How to an app can access issues that are secured

bartlomiej · May 13, 2021, 8:22am

Hi there,

We’ve recently had a customer contact us about an issue with our app - which turned out to be a problem with permissions.

We are indexing issues in the backend, and for that we invoke a JQL request to the search endpoint. That gives us a list of issue ids which we persist, and make another request on the frontend to fetch the actual content and take care of permissions.

The issue comes up when an issue is secured, and in this particular case, the issue requires the user to have an admin permission for the project.

In the past it was possible to edit the security scheme for a project and add an “add-on” user to the scheme, but it looks to me that this is no longer possible.

Is there a way to configure the instance to allow an app to access those issues?

Kind regards,
Bartlomiej Lewandowski

mpaisley · May 25, 2021, 4:02am

Hey Bartlomiej,
Thanks for your question - are you using Connect or Forge to build your app?
Cheers,
Mel

ccurti · May 25, 2021, 5:21am

Hi @bartlomiej,

I think you might be referring to this bug report: [ACJIRA-2406] - Ecosystem Jira.

I don’t have a workaround for this but, if one will be identified, it will be posted on the ticket directly.

It would be good to know here/on the bug report, how many apps are affected and noticed that so far.

Thanks,
Caterina

denizoguz · May 25, 2021, 7:26am

Recently I have also experienced a similar issue. I have fixed it by giving required permission to “atlassian-addons-admins” user group or “atlassian-addons-project-access”.

bartlomiej · May 25, 2021, 9:32am

Connect app

bartlomiej · May 25, 2021, 9:33am

Correct, this issue was probably created after describing the issue in detail in a support ticket

ccurti · May 26, 2021, 1:53am

Thanks for jumping in @denizoguz. Are you sure it is actually working?
I’m trying to understand what I’m doing wrong.

I’ve just tried to do the same by adding these “users” to the Project Settings → Access UI in a team-managed project but, even after adding them, I still cannot retrieve the restricted issues when using the REST APIs in a Connect app.

Here is a screenshot of the Project access page:

denizoguz · May 26, 2021, 7:25am

Hi,
@ccurti Our situation was a little different. It was a Forge app and we were using app “api.asApp().requestJira” method for accessing Jira REST API. I had two problems, first the app didn’t able to retrieve details of an issue, protected with “issue security schema” and a second problem was it didn’t able to retrieve list of “user groups”. Both of them were solved by adjusting permissions of “atlassian-addons-admins” and “atlassian-addons-project-access”. It may not be the same problem but for our similar case adjusting permissions solved both issues.

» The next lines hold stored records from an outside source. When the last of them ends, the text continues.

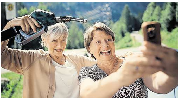
Ganz viel schwarzer Humor: Der Film „Toni und Helene“ ist am Sonntag im Cinema zu sehen.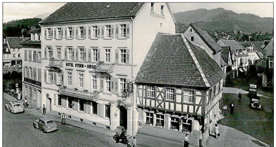
Das Restaurant Stern-Hirsch Anfang der 1950er Jahre

da Schneider. Sie ließ dem Eigentümer Carl Brude nach ihrem Aufenthalt wegen einer nicht bezahlten Zigarettenpackung eine handgeschriebene Karte zukommen.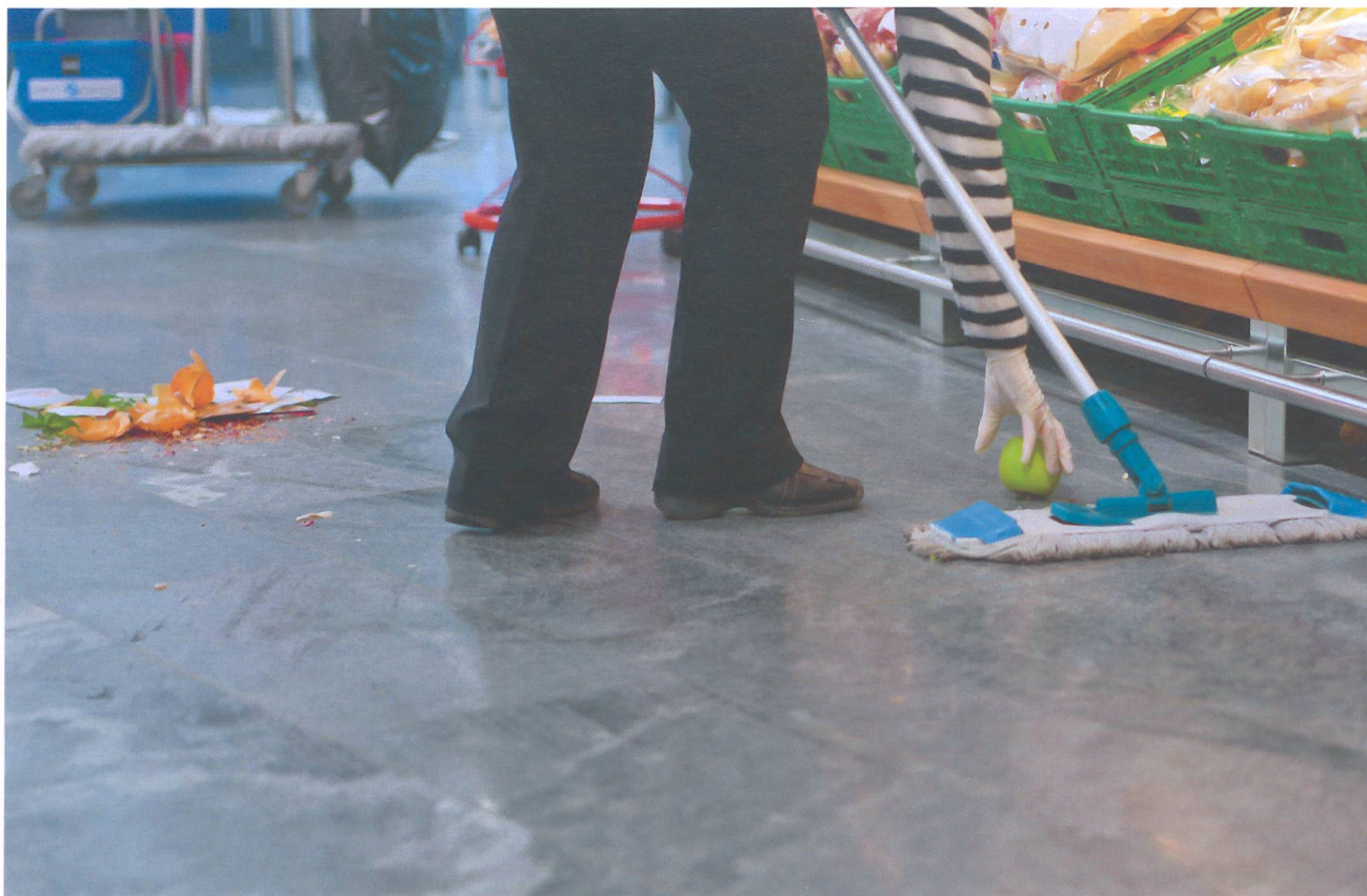
Fairer Lohn für geleistete Arbeit: Die flankierenden Massnahmen sollen dies garantieren.

sash011 · December 19, 2021, 6:35pm

Hi
Has anyone figured out how to give an access to connect app user?
Imagine the project is restricted to a certain user group and we want to allow a particular (connect) app to have access to it as well. How to do that?
Alex

DavidPezet1 · October 25, 2022, 5:30pm

Thanks! This seems to have worked for a Forge app in the production environment, but I’m having trouble while it is in the development environment. I even tried adding the app user directly to the issue type security scheme. Two users show for the app in the single user selection. I assume one is the development install and one is the production install. I added both, but this did not help. Have you experienced anything similar while working with it in the development environment?